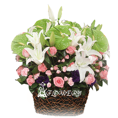 主要花材:火鶴.玫瑰.百合.康乃馨及綠色配材
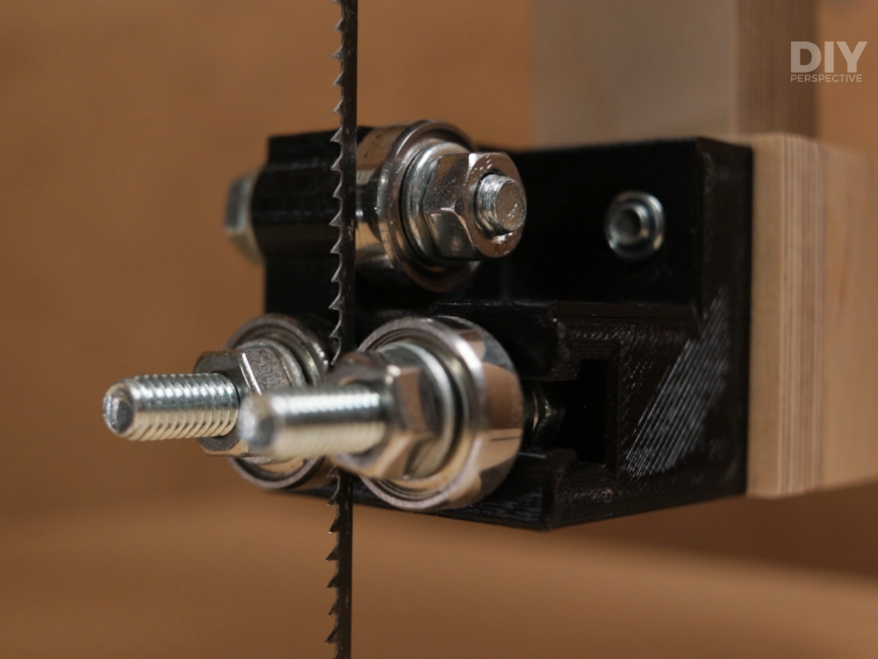 Причина, по которой я отказался от регулировки угла наклона верхнего колеса, которая есть у всех коммерческих ленточных пил, заключается в том, что мы собираемся использовать эту ленточную пилу только с несколькими типами лезвий. Поэтому, как только я настрою для них положение, мне больше не нужно будет его менять. Я все равно слишком ленив, чтобы менять лезвия, так зачем же все усложнять, правда? И если когда-нибудь мне это понадобится по волшебству, я могу очень легко его модифицировать, так как все крепится винтами.
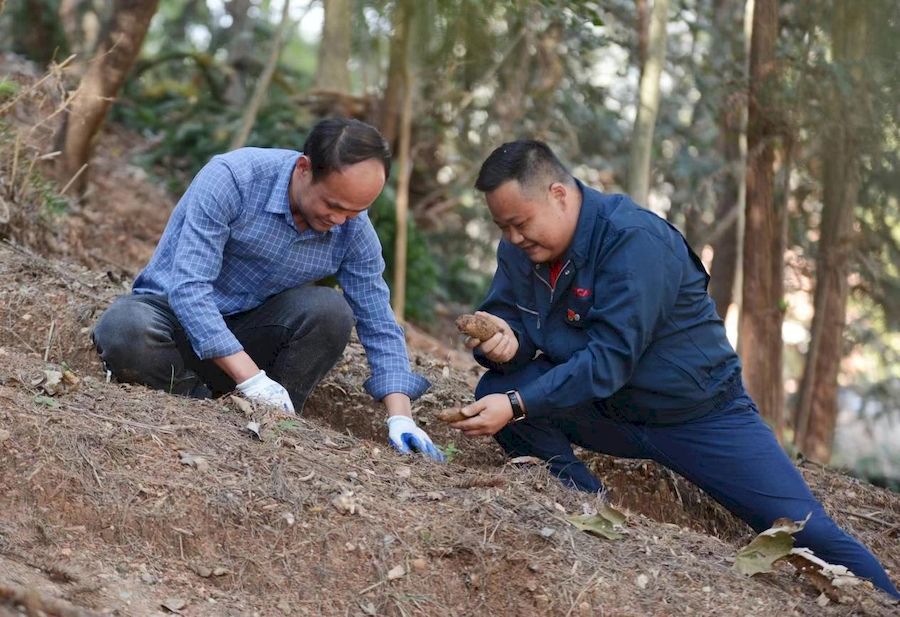 俞海奎(右一)正在指導農(nóng)戶種植天麻。龔旭東供圖
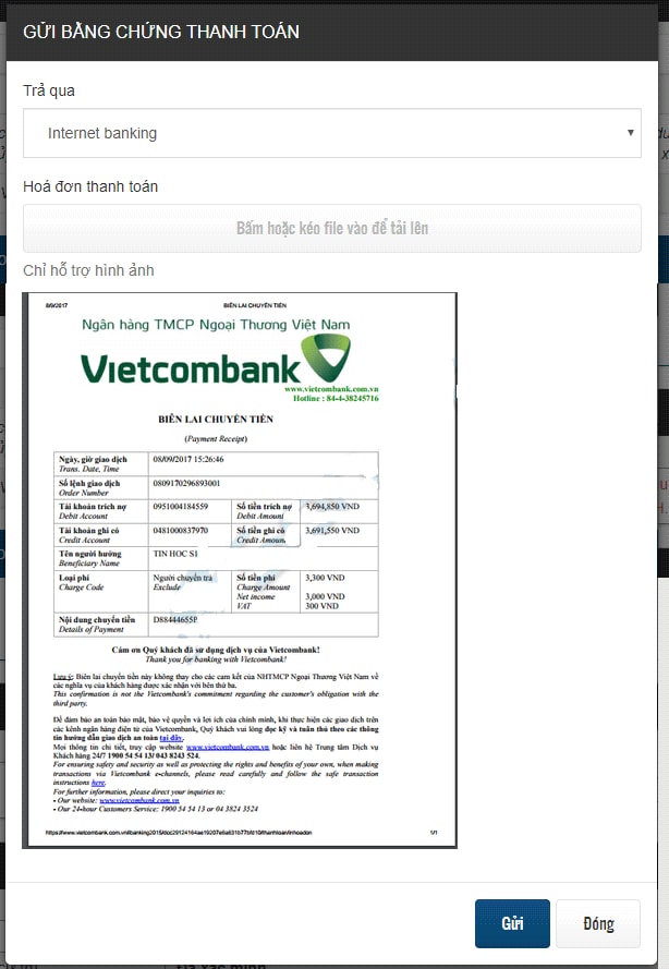 Chuyển tiền cho người bán ETHBước 4: Sau khi thanh toán xong, Vietcombank sẽ gửi cho bạn một email và trong đó có biên lai thanh toán đã hoàn tất của bạn, bạn chụp ảnh lại biên lai này để phòng trường hợp bên bán ETH họ không xác nhận thanh toán thì bạn cần nhờ tới sự hỗ trợ của Remitano để lấy tại tiền.
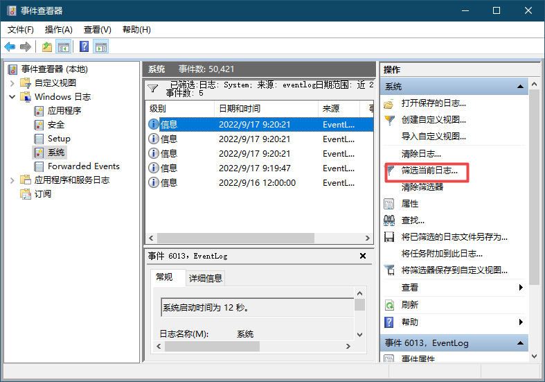 3、在系统日志中,点击筛选当前日志。因为的日志比较大,我们需要查看是否有开机与关机的日志信息。
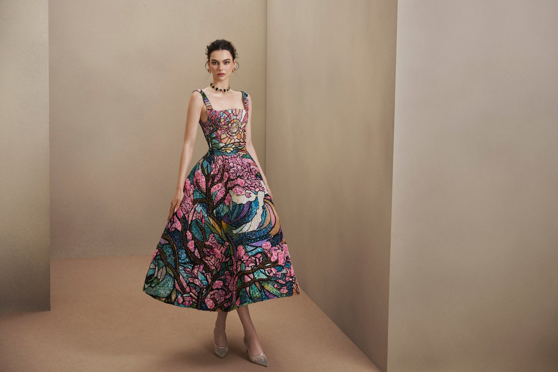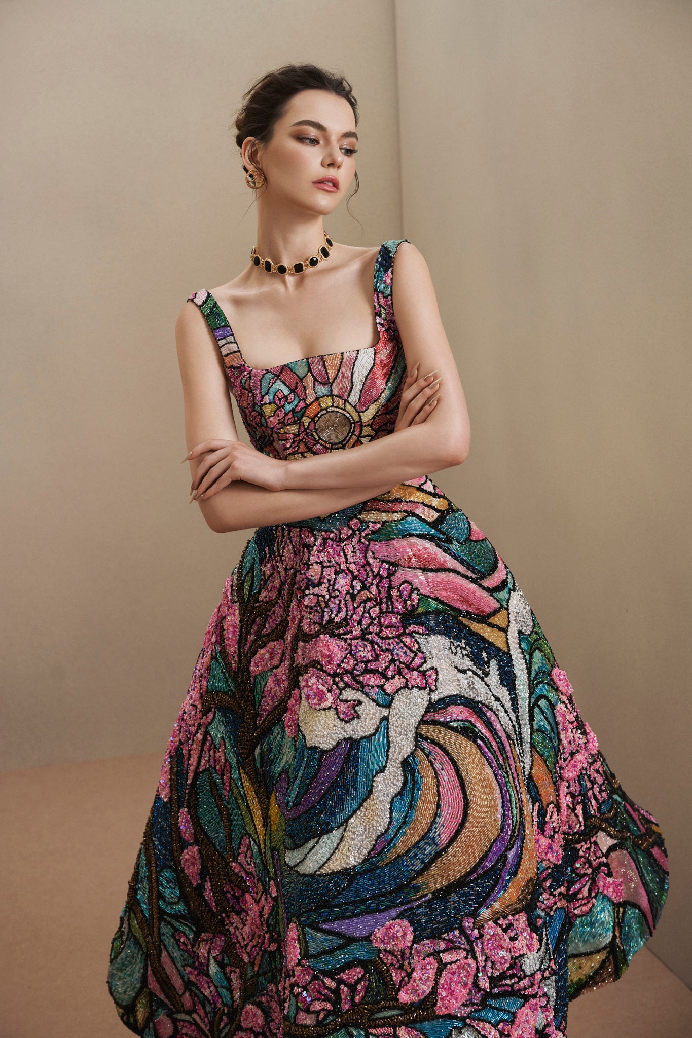 A living artwork — Blossom Mosaic mirrors the beauty of stained glass, with hand-embroidered florals and abstract patterns blooming across the dress. Each bead and sequin is placed like a brushstroke, celebrating nature in a radiant tapestry of colors.
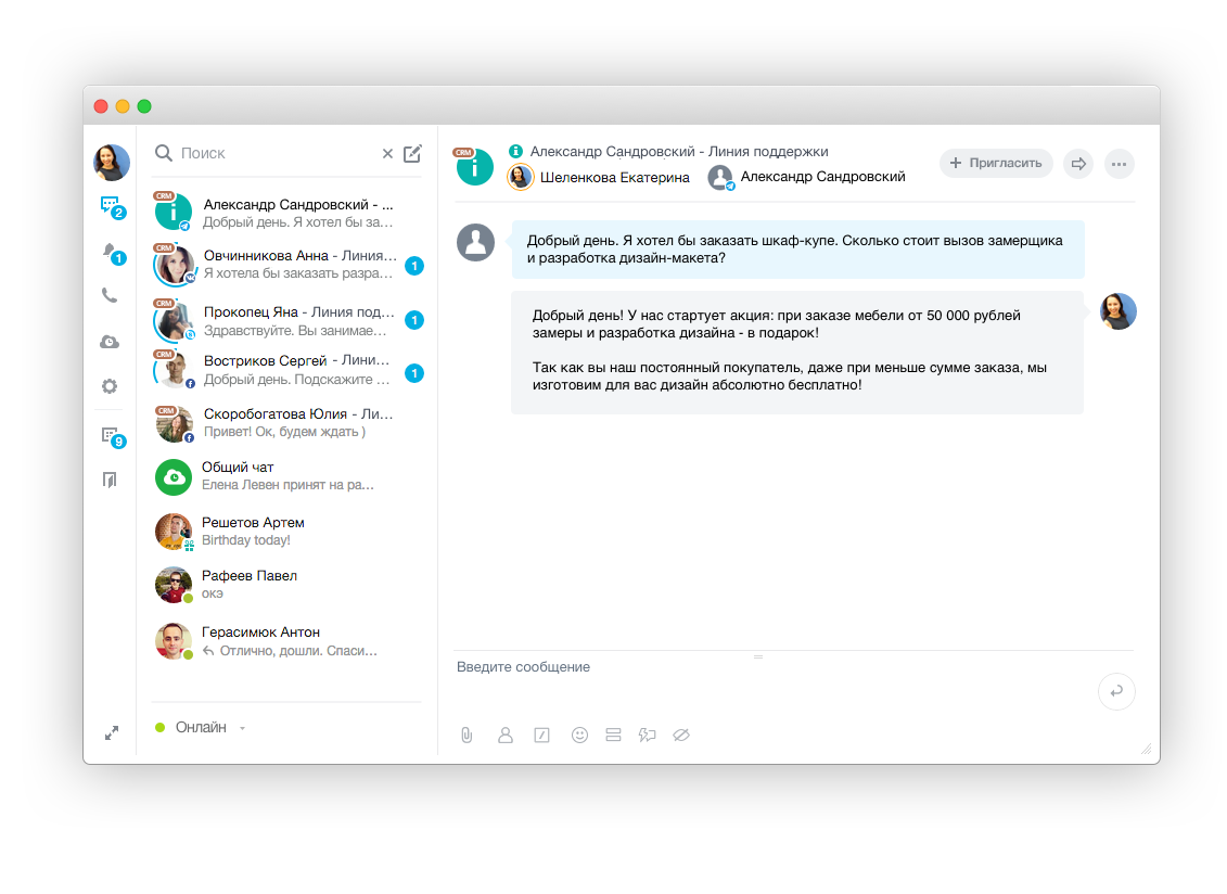 «Облачный» сервис для компании до 24 сотрудников. Включает базовый функционал и расширенные возможности для управления задачами и проектами, ведения базы клиентов, разговоров с клиентами и записи звонков, обработки заказов из интернет-магазина в CRM, совместной работы с документами и другие полезные инструменты.Команда (5 490 руб/мес)

EXERCISE OBJECTIVE ::
Go through the data above and print exactly the lines from its first line through the line holding "A living artwork", both included, leaving pictures aside.

FINISHED TASK ::
 主要花材:火鶴.玫瑰.百合.康乃馨及綠色配材
 Причина, по которой я отказался от регулировки угла наклона верхнего колеса, которая есть у всех коммерческих ленточных пил, заключается в том, что мы собираемся использовать эту ленточную пилу только с несколькими типами лезвий. Поэтому, как только я настрою для них положение, мне больше не нужно будет его менять. Я все равно слишком ленив, чтобы менять лезвия, так зачем же все усложнять, правда? И если когда-нибудь мне это понадобится по волшебству, я могу очень легко его модифицировать, так как все крепится винтами.
 俞海奎(右一)正在指導農(nóng)戶種植天麻。龔旭東供圖
 Chuyển tiền cho người bán ETHBước 4: Sau khi thanh toán xong, Vietcombank sẽ gửi cho bạn một email và trong đó có biên lai thanh toán đã hoàn tất của bạn, bạn chụp ảnh lại biên lai này để phòng trường hợp bên bán ETH họ không xác nhận thanh toán thì bạn cần nhờ tới sự hỗ trợ của Remitano để lấy tại tiền.
 3、在系统日志中,点击筛选当前日志。因为的日志比较大,我们需要查看是否有开机与关机的日志信息。
 A living artwork — Blossom Mosaic mirrors the beauty of stained glass, with hand-embroidered florals and abstract patterns blooming across the dress. Each bead and sequin is placed like a brushstroke, celebrating nature in a radiant tapestry of colors.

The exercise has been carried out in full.